The most common way to tune these parameters is using what’s called “cross validation.” This involves dividing your dataset into two groups– one for testing and one for changing the hyperparameter. You then optimize the parameter for the test group and evaluate the performance of your algorithm on the other set.
You do this many times with different values for the parameter, and eventually come up with a setting that gives the best results. The ratio between the performance of the algorithm when it was tuned versus after tuning is referred to as its “generalization ability.” Generalization refers to predicting future data points based on past patterns.
Cross validation is a powerful tool for finding good settings for deep learning algorithms because you get the same quality of result every time you run it.

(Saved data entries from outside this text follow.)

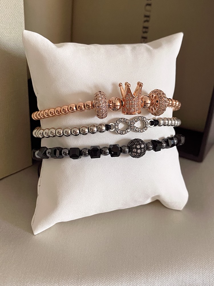 Setul format din 3 bratari este tot ce ai nevoie ca sa accentuezi eleganta din gesturi.
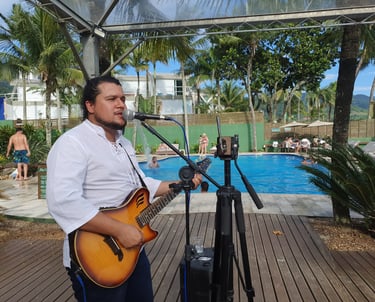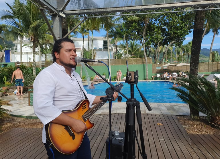 Você pode selecionar o repertório previamente pelo whatsapp ou pedindo a música que quiser durante o seu evento
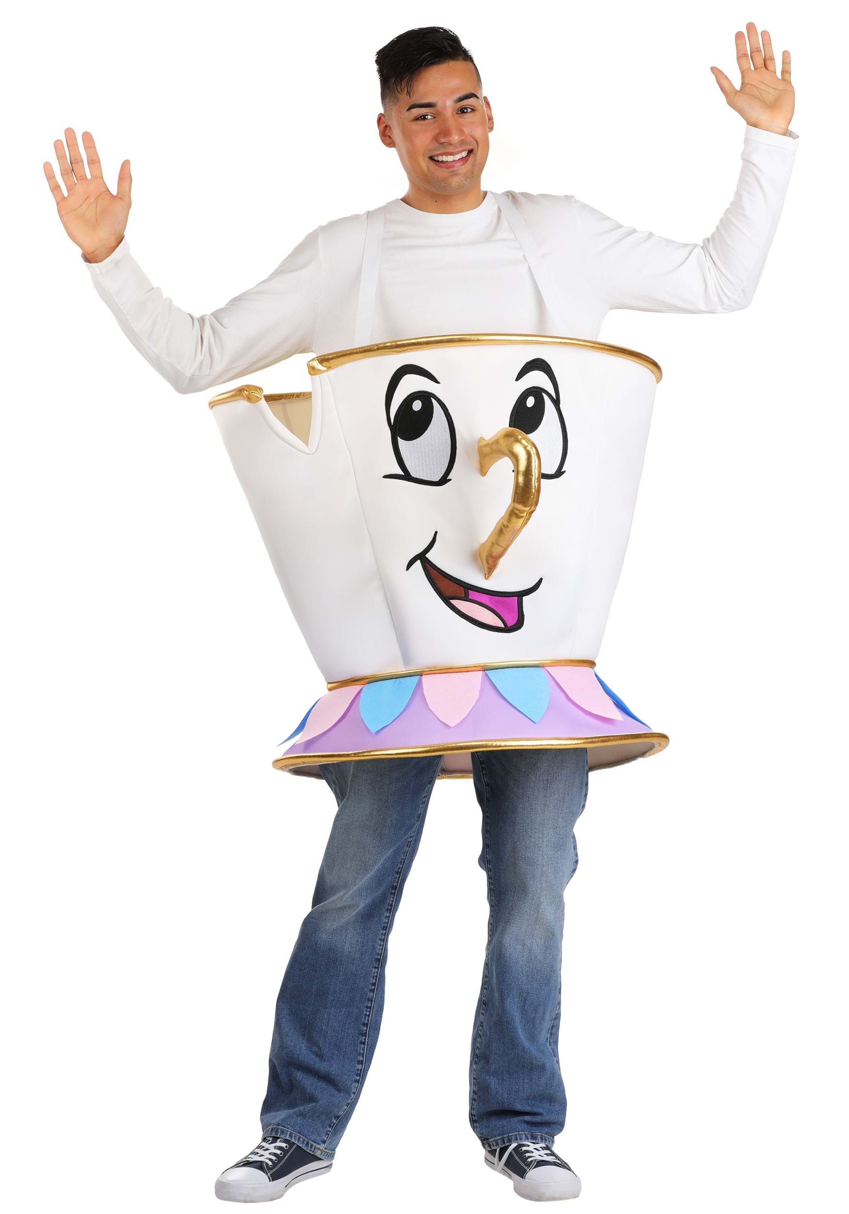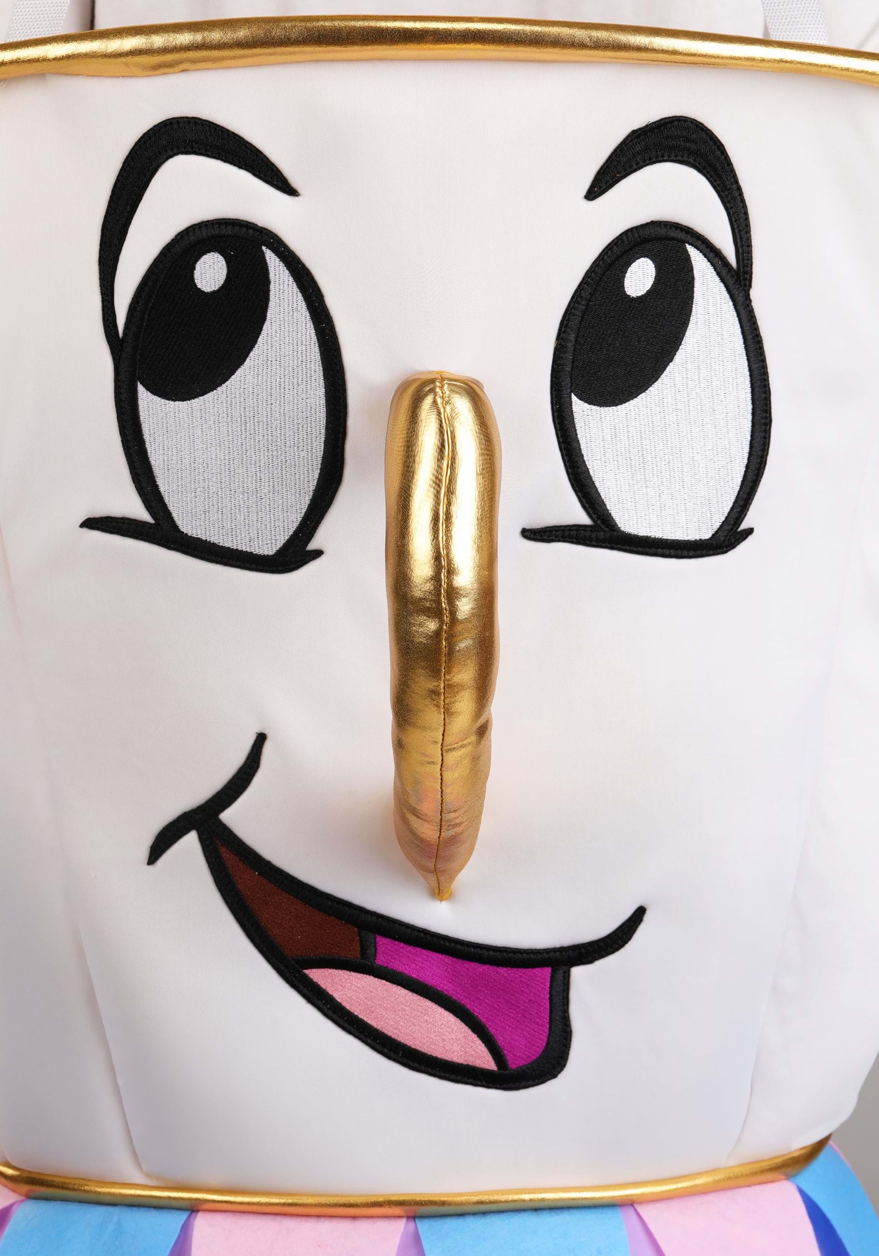 This one-piece Disney Beauty and the Beast Chip Costume is shaped like a teacup and made with a soft, foam-backed jersey construction. The lightweight material ensures a comfortable fit while still maintaining its shape. Gold trim accents the design, adding an elegant, enchanted touch. The costume stays secure with a pair of suspender-style straps that adjust for a customizable fit.
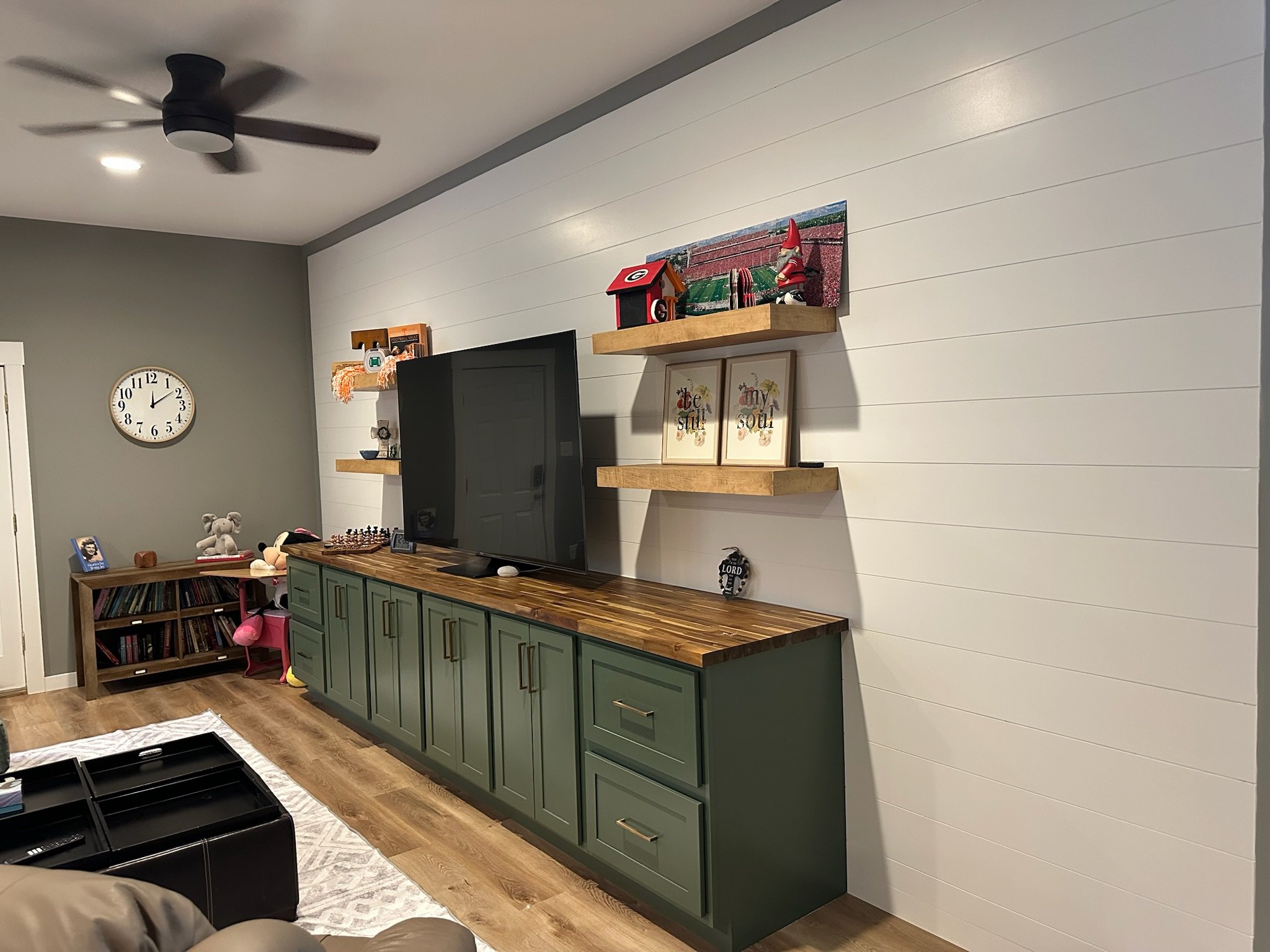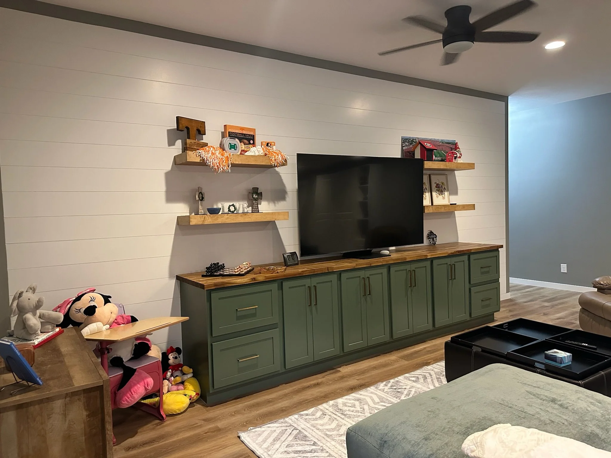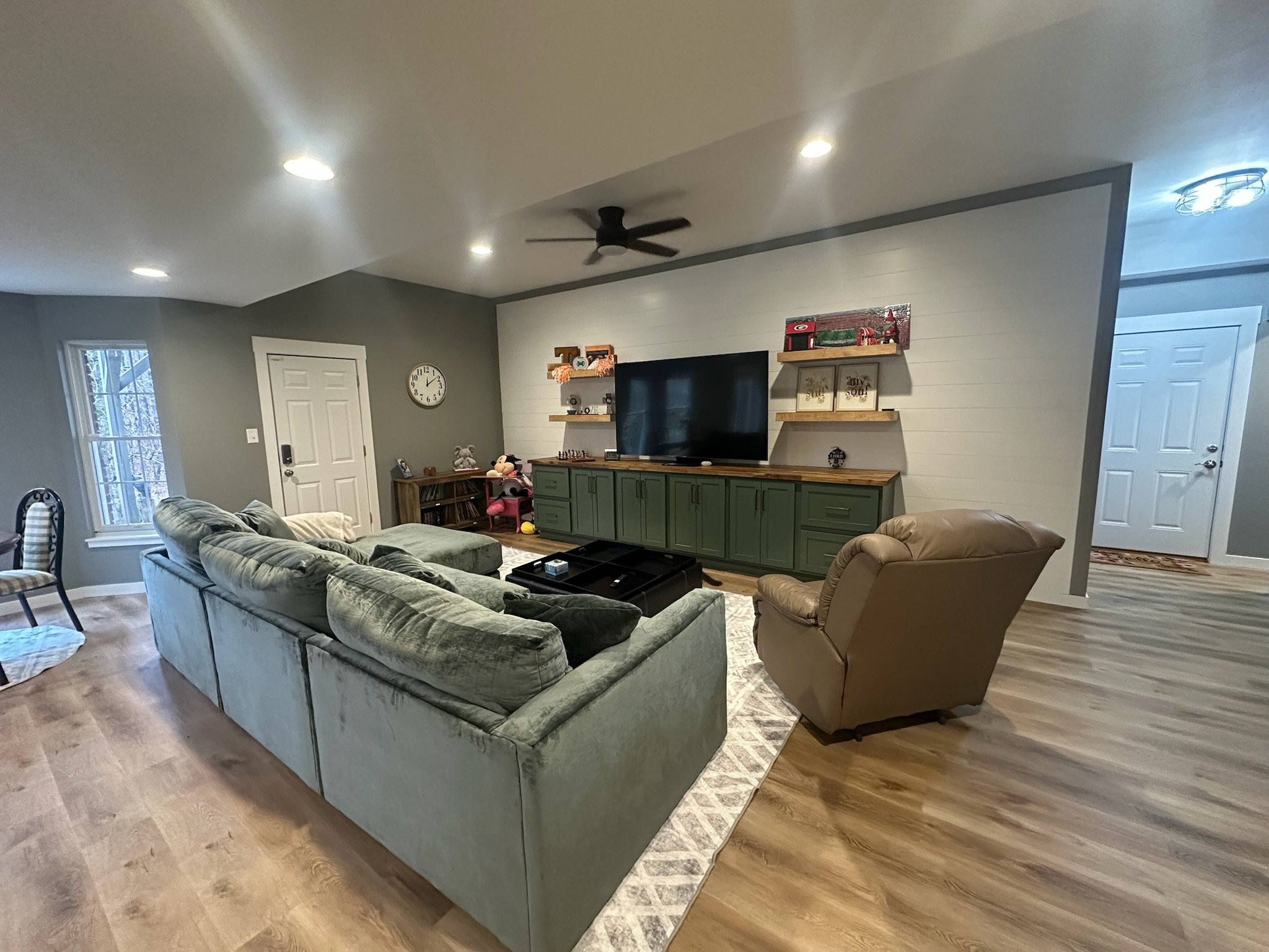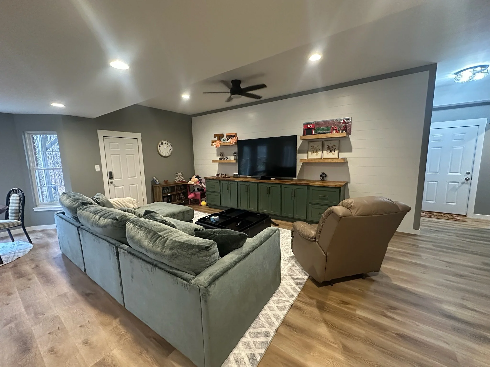 The design includes recessed lighting, ceiling fans, and a cohesive color palette of gray walls complemented by warm wood-toned luxury vinyl flooring.

Because of this, there are some standard practices for doing it.
Use a grid of values
There are two main types of hyperparameter tuning for neural networks, which we will discuss here. The first is optimizing the network’s architecture, or choosing how many layers there are, what type of layer each one is, and so on. This is usually referred to as architectural optimization.
The second kind of parameter tuning looks into changing the internal parameters of the individual neurons and/or layers. These internal parameters can be learning rates, momentum terms, regularization constants, and so forth.
By splitting up this process into separate modules, it becomes much easier to test different configurations quickly.
Use a random search
Recent developments in neural network architecture have led to so-called deep learning, which are networks with more than one layer of neurons. Because there is an infinite number of possible architectures you can make the network, going as far as having very thin or thick layers, different numbers of hidden layers, etc., it becomes easy to overfit the data.
By adding additional complexity to the model, this effect gets worse. Therefore, it is important to reduce the chance that your model will overfit by testing many different configurations of the network.
One method used to do this is called “hyperparameter optimization” (HO). With HO, you find good hyperparameters for your CNN using a randomized search where each parameter is tested several times under slightly modified conditions. This way, you get robust performance even if the original parameters were not working well.
There are various ways to apply HO to DNNs. One common approach is grid search, where all combinations of the parameters are tried out at once. Another strategy is sequential search, where only a few variables are tuned at a time until the best results are found.